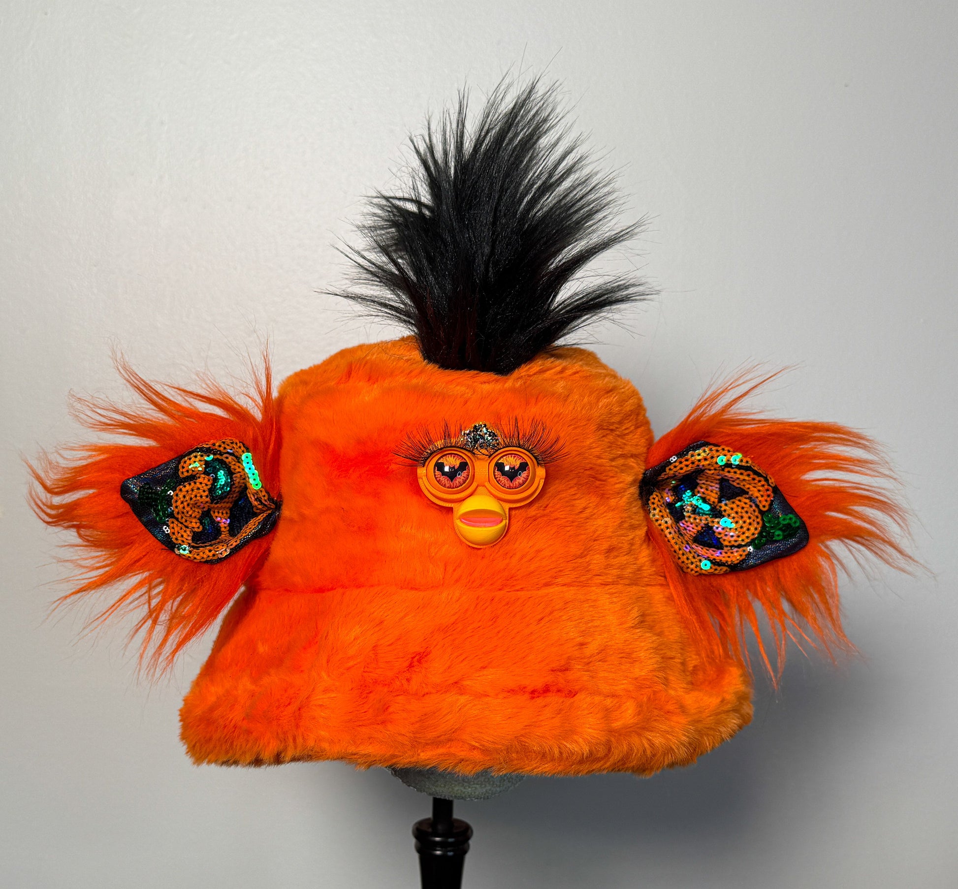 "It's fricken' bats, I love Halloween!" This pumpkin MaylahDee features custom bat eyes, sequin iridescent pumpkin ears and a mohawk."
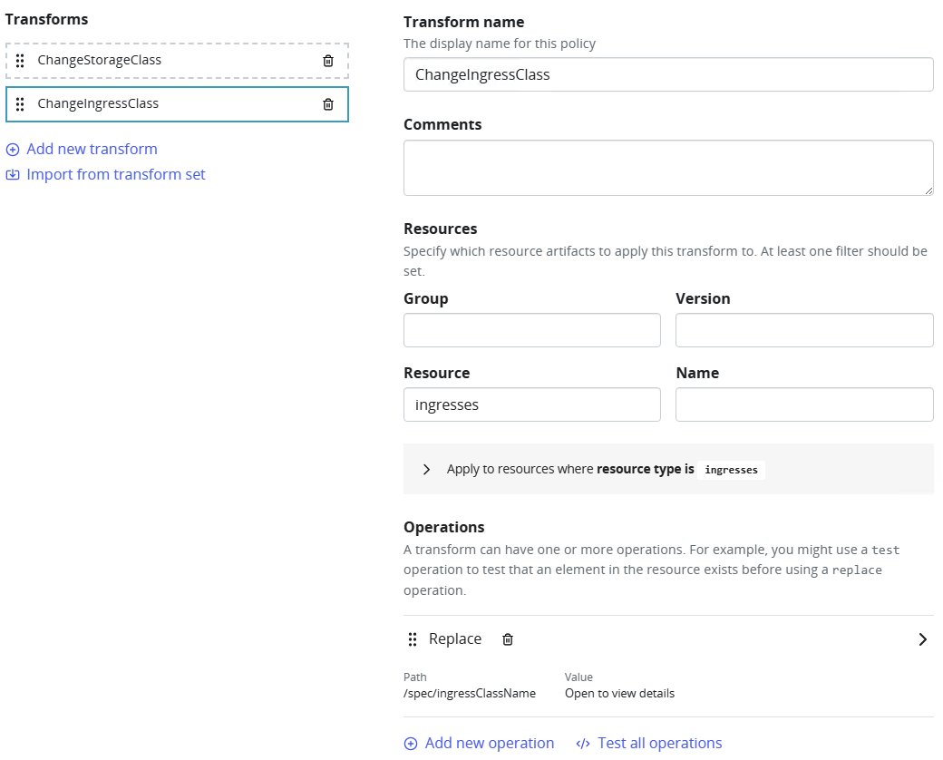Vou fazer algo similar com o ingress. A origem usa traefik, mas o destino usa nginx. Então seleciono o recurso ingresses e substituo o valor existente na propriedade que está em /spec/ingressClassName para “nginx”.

---

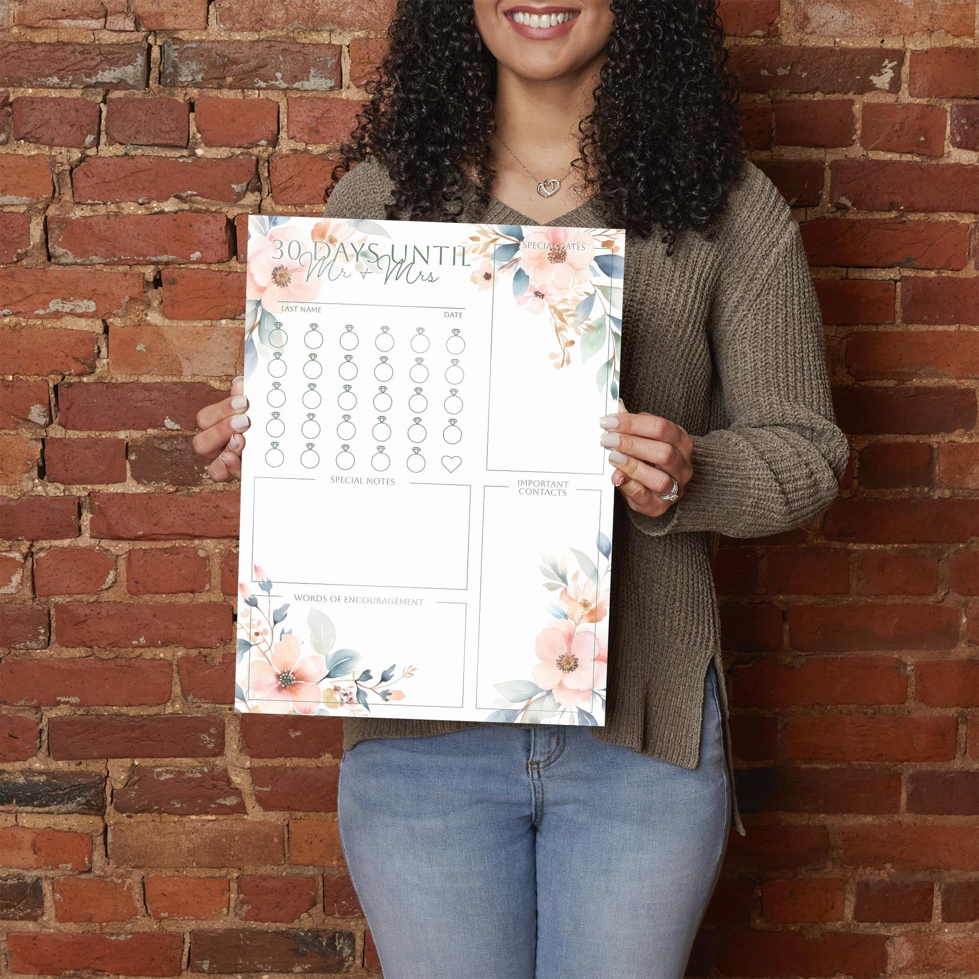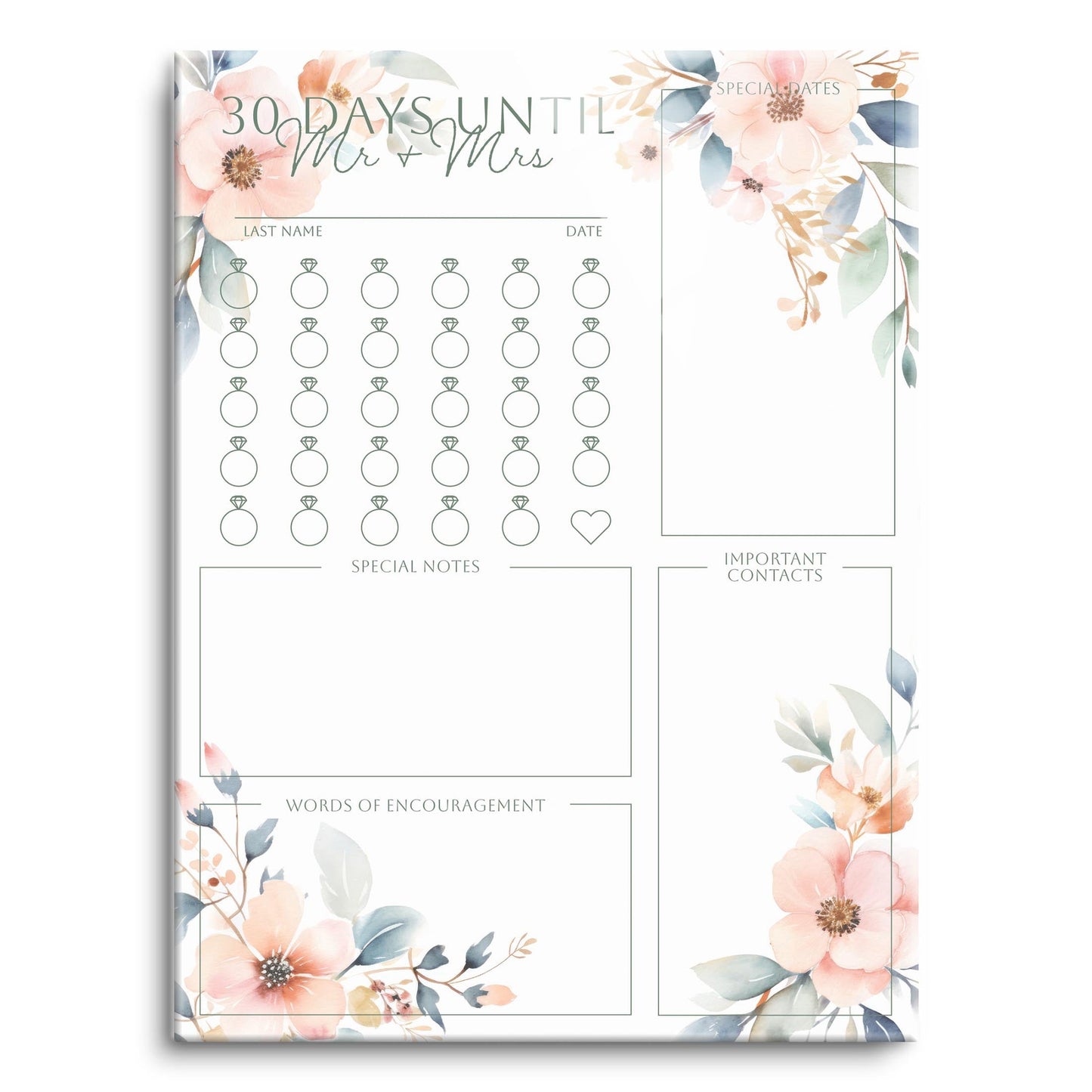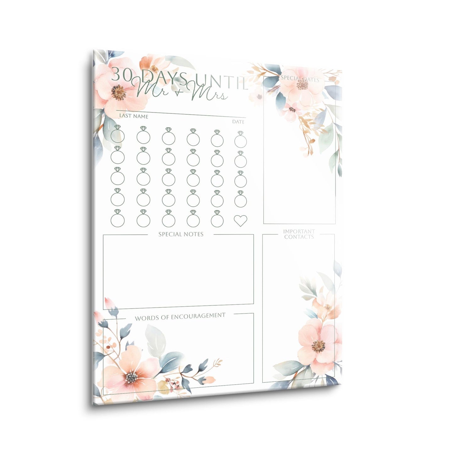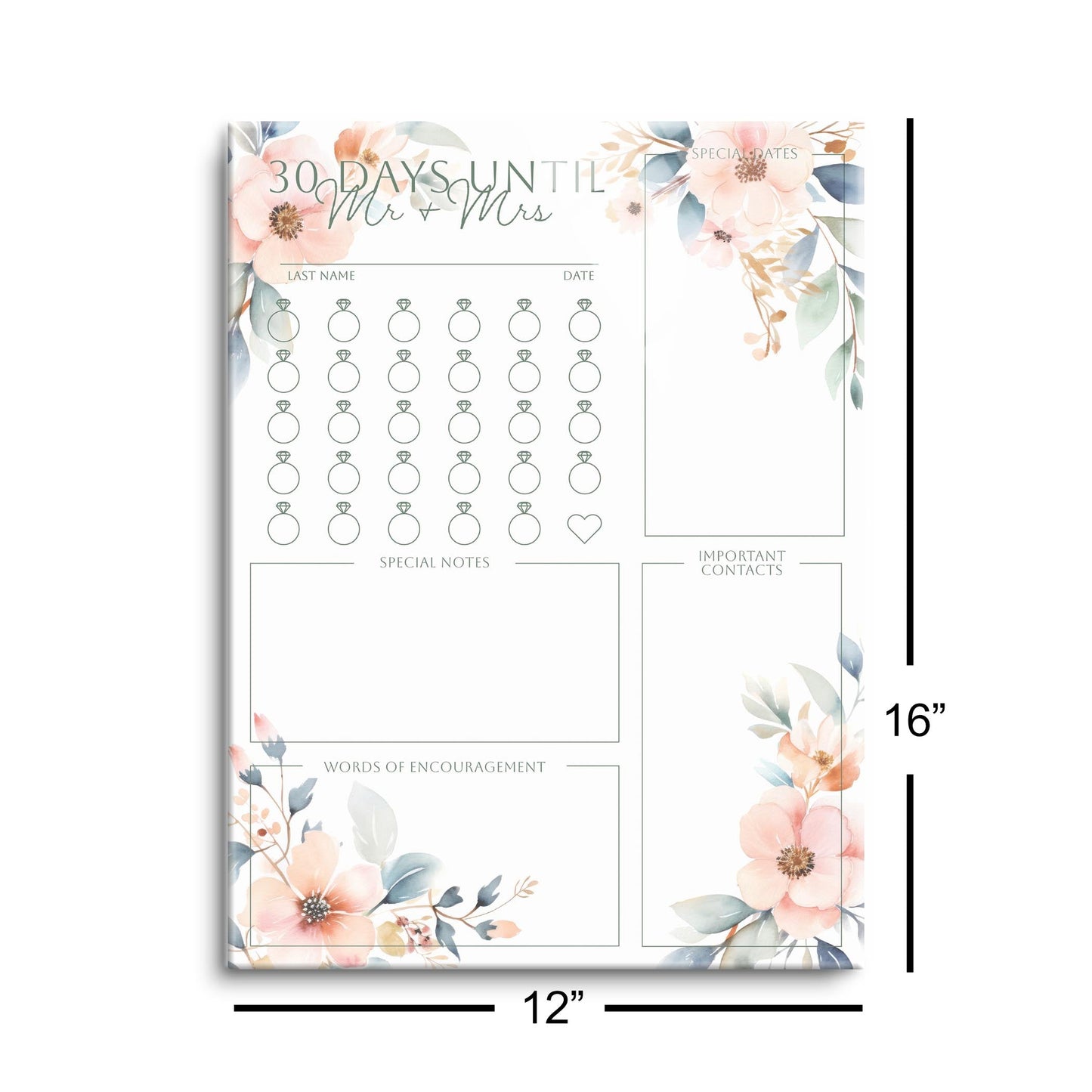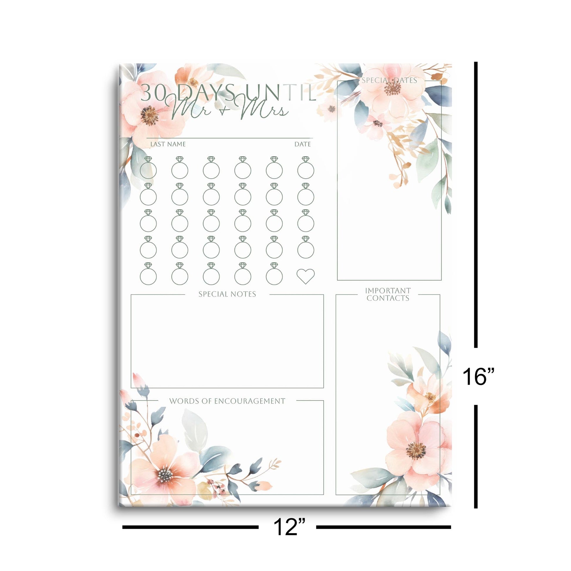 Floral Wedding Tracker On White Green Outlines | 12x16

__To do__
Within the listing above, the stretch from the line with "fricken' bats, I" down to the line with "Vou fazer algo" is to be given again exactly, end lines included and pictures excluded.

__Exercise answer__
 "It's fricken' bats, I love Halloween!" This pumpkin MaylahDee features custom bat eyes, sequin iridescent pumpkin ears and a mohawk."
Vou fazer algo similar com o ingress. A origem usa traefik, mas o destino usa nginx. Então seleciono o recurso ingresses e substituo o valor existente na propriedade que está em /spec/ingressClassName para “nginx”.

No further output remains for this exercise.